Тем временем живот у супруги рос, и я внимательно следил за всеми происходящими с ней в физическом плане изменениями. Когда Лина носила Иронику, я был слишком занят на своих халтурах, зарабатывая на кусок хлеба для семьи, но теперь мог всецело сосредоточиться на своих наблюдениях. Кроме умиления, испытываемого в процессе изучения развития беременности жены, мной руководил еще один важный мотив: для новой книги было крайне важно, чтобы я хорошо разбирался во всех деталях протекания беременности и родов. Быть может, временами я перегибал палку и становился слишком назойлив, ибо однажды вечером в постели, когда я по обыкновению гладил ее живот и бедра, Лина довольно резко заявила, что ей было бы куда приятнее, если бы я разговаривал с ней, глядя в лицо, а не на прочие части тела.
Через несколько дней произошло то, чего Лина никогда так и не сумела мне простить до конца.
Ироника с самого утра капризничала, наотрез отказываясь идти в детский сад. Это вызвало во мне сильнейшее раздражение. Именно сегодня я собирался поработать часов пять-шесть, а дочь была в том возрасте, когда детям требуется постоянное внимание к себе. Я попытался договориться с ней: если хочет, она может оставаться дома, однако в таком случае ей придется развлекать себя самой. Сварив себе чашечку кофе, я сел за компьютер и приступил к работе. Договор с Ироникой продержался ровно десять минут – она появилась в дверях моего кабинета с набором игрушечной посуды и стала настаивать на том, чтобы мы с ней отправились печь пирожки. Я, как мог, старался сдерживаться, однако спустя какое-то время все же не на шутку рассердился. Строгим голосом я велел дочери отправляться в гостиную, сидеть там и вести себя потише. Если же она меня не послушает, то я отведу ее в детский сад и оставлю там до завтра. Разумеется, это была всего лишь пустая угроза, однако Ироника понурилась и побрела вниз по лестнице.

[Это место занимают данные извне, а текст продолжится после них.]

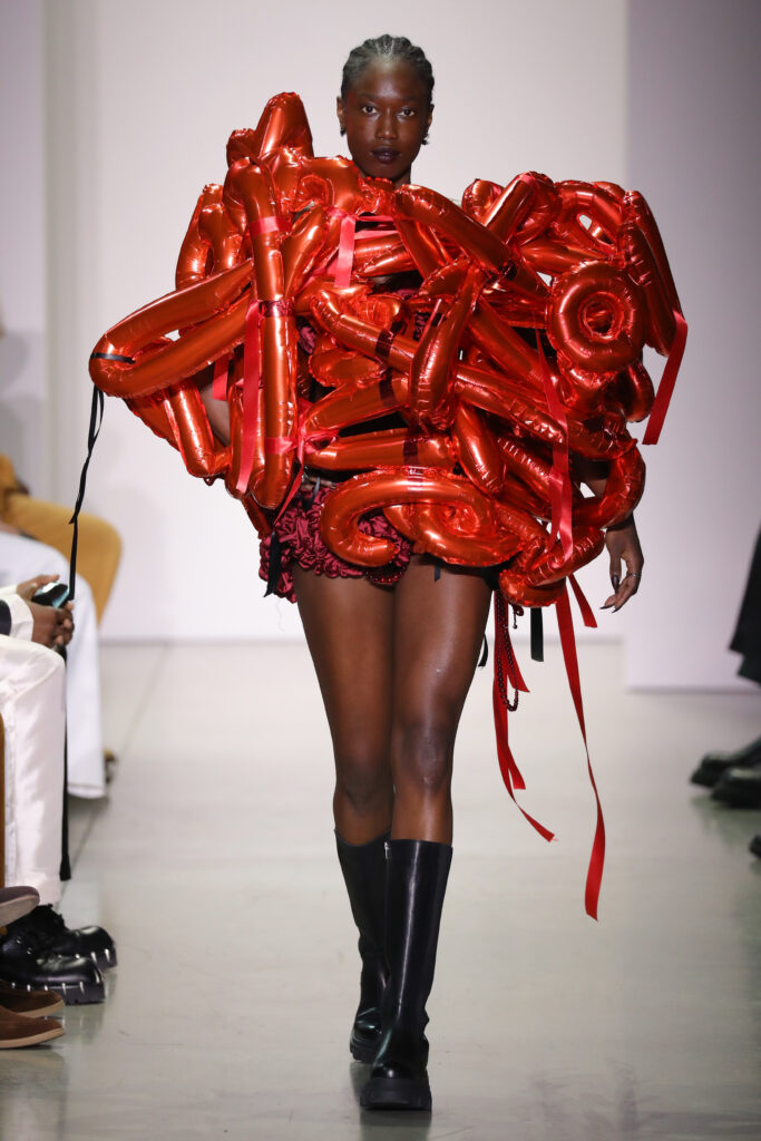 This runway collection, Mohammed’s second officially on the CFDA New York Fashion Week calendar, features 16 looks as a response to the jewelry’s spikes and thorns in turn with rips, ties and drapes. The hand-sewn garments balance the jewelry in melodic chaos, representing a battle; external and internal. Look 11 “Even My White Flags Got Spikes” consists of a spiked white mohair dress, lending material dimension to the tensions between our soft and aggressive impulses. Look 1 “Between Two Americas” is worn by Theresa Hayes, is a dress made from two American flags that makes a statement about the political positions of Black people in the country from its inception. Look 12 “Everlast” featured a halter top constructed from vintage boxing gloves shaped into a bra and paired with a colorblocked rainbow skirt stitched from vintage Everlast t-shirts and screenprinted with Mohammed’s own drawing of Vietnam war abstentionist, Muhammad Ali. Three standout looks (Looks 6, 15 and 16) took a sculptural form, consisting of spike shaped balloons in metallic hues, a metaphor for one’s external armor. A crowd favorite, Look 8 is a pink denim set of jeans and jacket, riveted with original KHIRY spike network hardware and draped in tonal rose quartz beads, and finished with an original drawing of an Afrofuturist femme fighter going back in time to slay a Confederate soldier.

Чуть позже из кухни донесся грохот, а вслед за ним какой-то металлический звон и плач моей дочери.
Я вскочил и опрометью кинулся вниз. Ироника, плача, лежала на полу. Вокруг нее были разбросаны ножи, вилки и прочие столовые приборы. Очевидно, она решила печь пирожки сама, сумела дотянуться до выдвижного ящика и случайно опрокинула его. Все, что в нем хранилось, посыпалось прямо на нее. Я с ужасом увидел темное пятно крови, с пугающей быстротой расплывающееся по полу у верхней части ее ноги. Я усадил дочь на стол, стянул с нее колготки и увидел глубокий порез на внутренней части бедра. Вероятно, тяжелый и острый, как бритва, разделочный нож, падая, поранил ее. От вида текущей ручьем крови мне едва не стало плохо. Я схватил чистые кухонные полотенца, одним из них перетянул Иронике бедро выше пореза, а другое прижал к ране. Ироника по-прежнему хныкала, однако меня особенно встревожило, что лицо у нее сделалось каким-то неестественно бледным.
Подхватив ее на руки, я выбежал из дома. В случае надобности я бы мог и сам отнести ее в Королевскую больницу, [40]40
Королевская больница – старейшая больница Копенгагена, основанная в 1757 году.
[Закрыть]расположенную в двух километрах отсюда, однако у нашего соседа Кая имелась машина, и днем он, как правило, сидел дома. К счастью, в тот день он также оказался на месте и отвез нас в больницу на заднем сиденье своего старенького «сааба». По дороге мне казалось, что Ироника становится все бледнее и бледнее, несмотря на то что я изо всех сил зажимал рану. Ее плач превратился в тихое всхлипывание, глаза закрывались сами собой.
Помню, единственной моей мыслью в тот момент было: «Господи, что же я натворил?!»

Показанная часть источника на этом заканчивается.